Oral Vitamin D Treatment for the Prevention of Hepatocellular Carcinoma

Status:
Not yet recruiting
Trial end date:
2026-12-01
Target enrollment:
0
Participant gender:
All
Summary
The purpose of this study is to determine whether vitamin D is effective in the prevention of hepatocellular carcinoma in those patients with chronic hepatitis B.
Phase:
Phase 4
Accepts Healthy Volunteers?
No
Details
Lead Sponsor:
Third Affiliated Hospital, Sun Yat-Sen University
Treatments:
Cholecalciferol
Ergocalciferols
Vitamin D
Vitamins
Criteria
Inclusion Criteria:

- All subjects between the ages of 18 and 70 with chronic hepatitis B and under the oral
anti-virus treatment followed at the Third Affiliated Hospital of Sun Yat-sen
University, Guangzhou, China, will be offered entry into this study. The diagnosis of
chronic Hepatitis B will be based on that they had been positive for hepatitis B
surface antigen (HBsAg) for at least six months, and were positive for HBeAg or
negative for HBeAg with detectable HBV DNA at screening.

- No evidence of HCC on entry imaging study.

- Model for End Stage Liver Disease (MELD) score under 22 (a MELD score over 22 would
predict a 3 month mortality rate of approximately 20%).

- Not currently participating in another intervention study.
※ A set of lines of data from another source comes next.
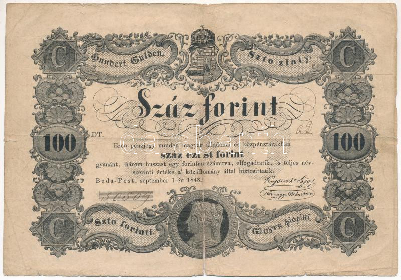Leírás: 1848. 100Ft "Kossuth bankó", "DT 50509" T:VG folt, szakadások /
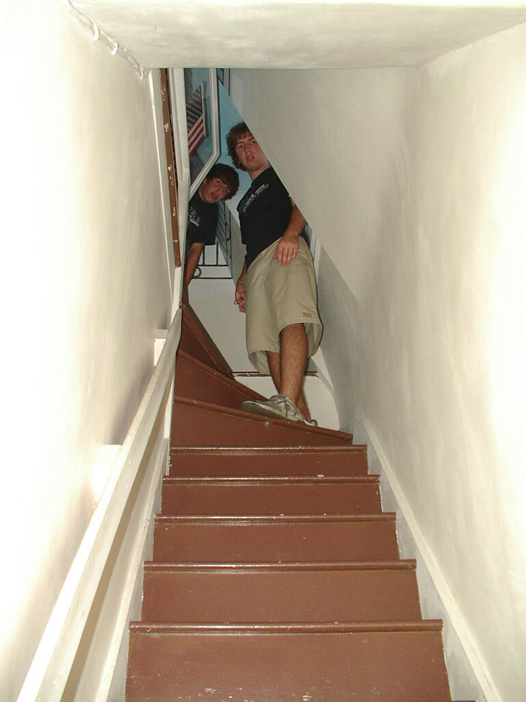 We did climb all the way up to the tippy top of the Mansion and the room was so small this was the only way I could get a photo of it. He is standing in front of the window and below is what you see out the window.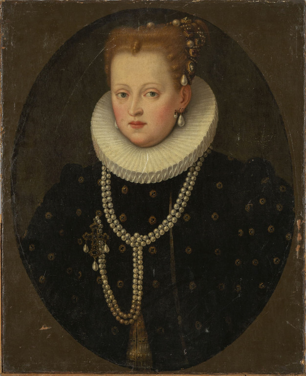 Scuola fiamminga sec.XVII 'Ritratto di dama con collare bianco e collana di perle' olio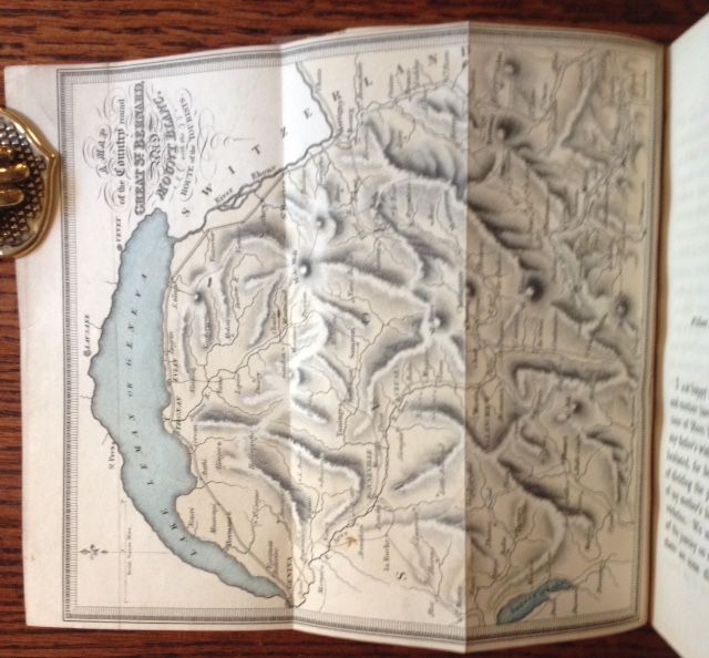 London: Harvey and Darton, 1827. 1st. Full-Leather. Collectible; Fine. A lovely copy of the 1827 1st edition, bound (from the early 20th century) in a sumptuous full calf, with gilt-rule at the panels and lavishly gilt-decorated compartments divided by 5 raised bands. 16 beautiful hand-colored vignettes and an immaculate fold-out map of "the Country round Great St. Bernard and Mt. Blanc". 12mo, 144 pgs., all edges gilt. Attractive marbled endpapers and new laid-in endsheets. "With Descriptions Copied from a Journal Kept by the Author; and Drawings Taken from Nature. Intended for Young Persons from Ten to Fourteen Years of Age" (from the title page).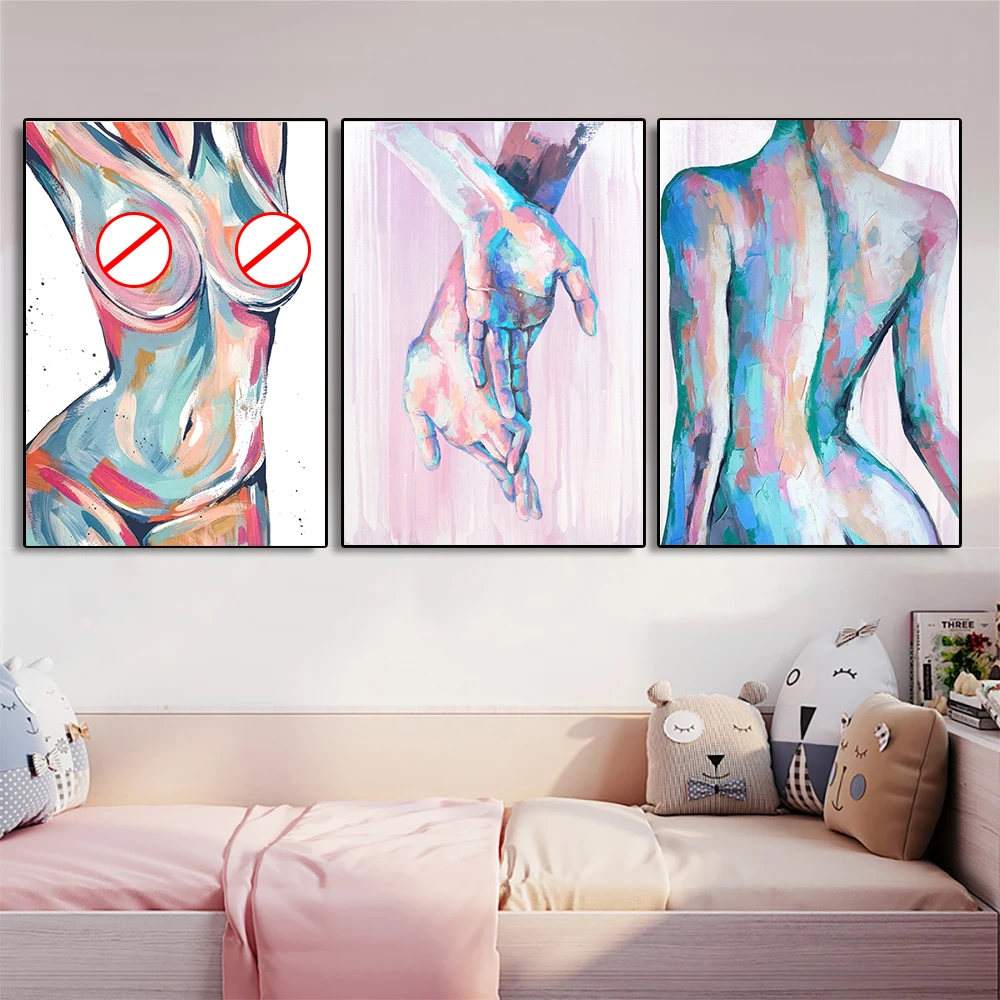 Женский обнаженный рисунок, художественная живопись на холсте, абстрактная женщина с отпечатком тела, разноцветный модный постер, картина для ванной комнаты, домашний декор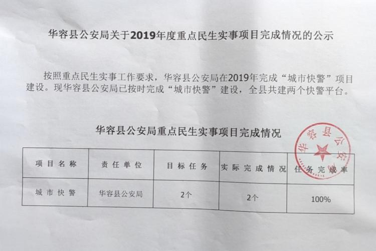 华容县公安局关于2019年度重点民生实事项目(“城市快警”项目)完成情况的公示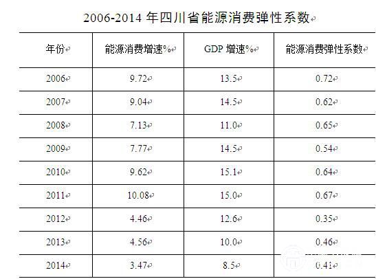 從上表可以看出,近年來,四川能源消費增長速度一直較國民經(jīng)濟增長速度低,能源消費彈性系數(shù)趨小,經(jīng)濟增長對能源的依賴程度有所降低,經(jīng)濟發(fā)展方式在發(fā)生轉(zhuǎn)變。特別是2012年和2014年,能源消費彈性系數(shù)分別為0.35和0.41,與2006年和2010年相比逐步趨小,說明經(jīng)濟增長由高耗能發(fā)展向低耗能方向轉(zhuǎn)變,呈現(xiàn)了經(jīng)濟較快增長,能源消費適度增長的良好局面。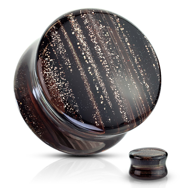 Плаги с бортами из боросиликатного стекла с потоками бронзовых искр.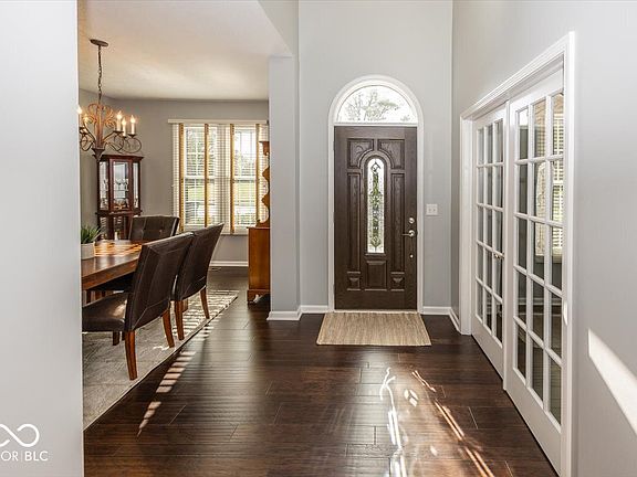 Experience luxury living in this large custom built 4 bedroom 3.5 bath home located in SW corner of Clay Township (convenient to 465/Indianapolis). Enjoy the finished basement with impressive wet bar and room for ping pong table and a separate television area, also equipped with a full bath and enclosed room for crafts/office/flex! The interior boasts a main floor with flex room for office/music/den featuring french doors, a dramatic two story great room with shelving and fireplace, large breakfast area and kitchen open to great room. All appliances are included (even the washer and dryer!) The impressive ensuite has a large walk in closet and beautiful bath area. A glass enclosed sunroom off kitchen and attached deck is yours to enjoy year round while experiencing the large, private lot with numerous trees. and wildlife. The community is a safe community to walk pets and ride bikes. There are community amenities including pool, tennis, pickleball, basketball and playground to keep the whole family active! This is a golf course community but membership is extra. Convenient to excellent schools, restaurants, shopping, and hospitals. Smoke free pet free home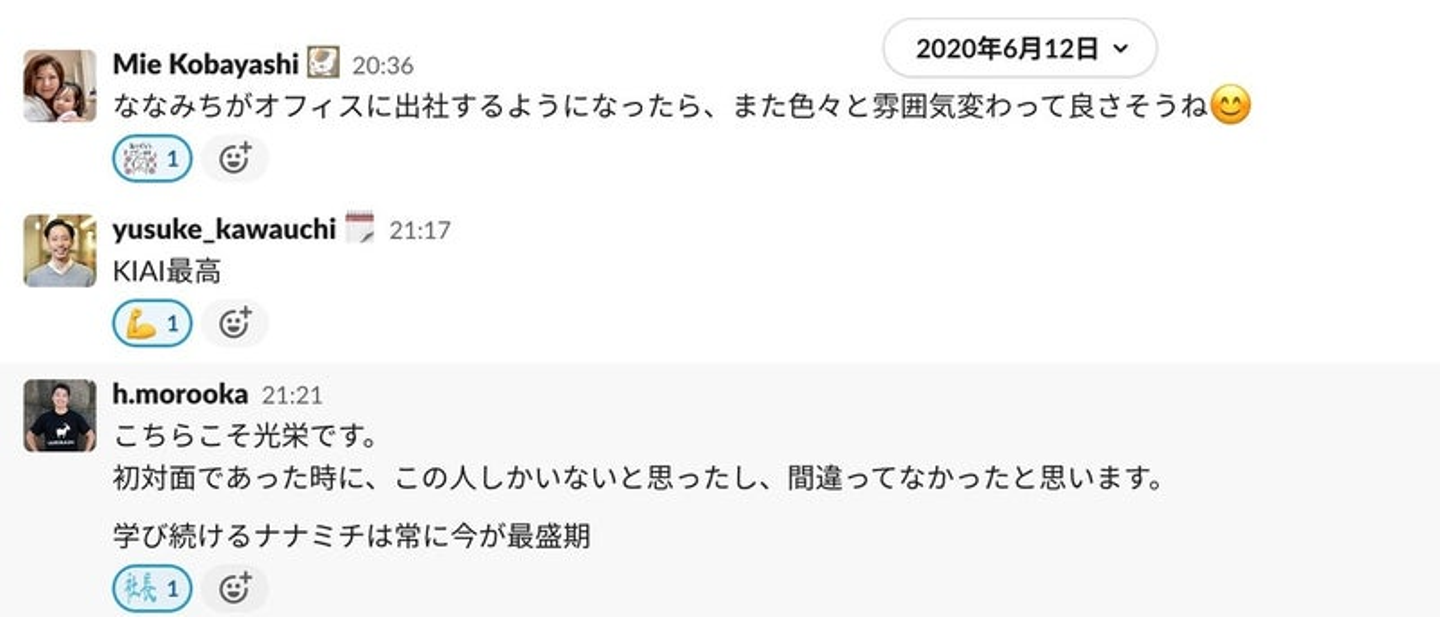 また、Slackの個人チャンネルは仕事のことなど自由に呟けるようになっています。スタンプで反応しあったり、ちょっとした誤字から気軽にコミュニケーションをとってくれる人ばかりで、フルリモートでの仕事に不安はなくなりました。

- Not pregnant or lactating, and willing to use effective contraception during study
period.

- Absence of any psychological, familial, sociological or geographical condition
potentially hampering compliance with the study protocol and follow-up schedule.

- Ability to provide written informed consent according to national/local regulations.

Exclusion Criteria:

- evidence of hepatocellular carcinoma within 6 months after enrollment,

- a serum alanine aminotransferase level more than 10 times the upper limit of normal,

- an elevated serum creatinine level,

- any diagnosis of kidney stones,

- a diagnosis of hyperparathyroidism or other serious disturbance of calcium metabolism
in the past 5 years,

- any evidence of autoimmune hepatitis, coinfection with hepatitis C or D virus or human
immunodeficiency virus,

- other serious concurrent illness (e.g., alcoholism, uncontrolled diabetes, or cancer),

- treatment with immunomodulatory within the 6 months before screening,

- treatment with any investigational drug within the 30 days before the study began.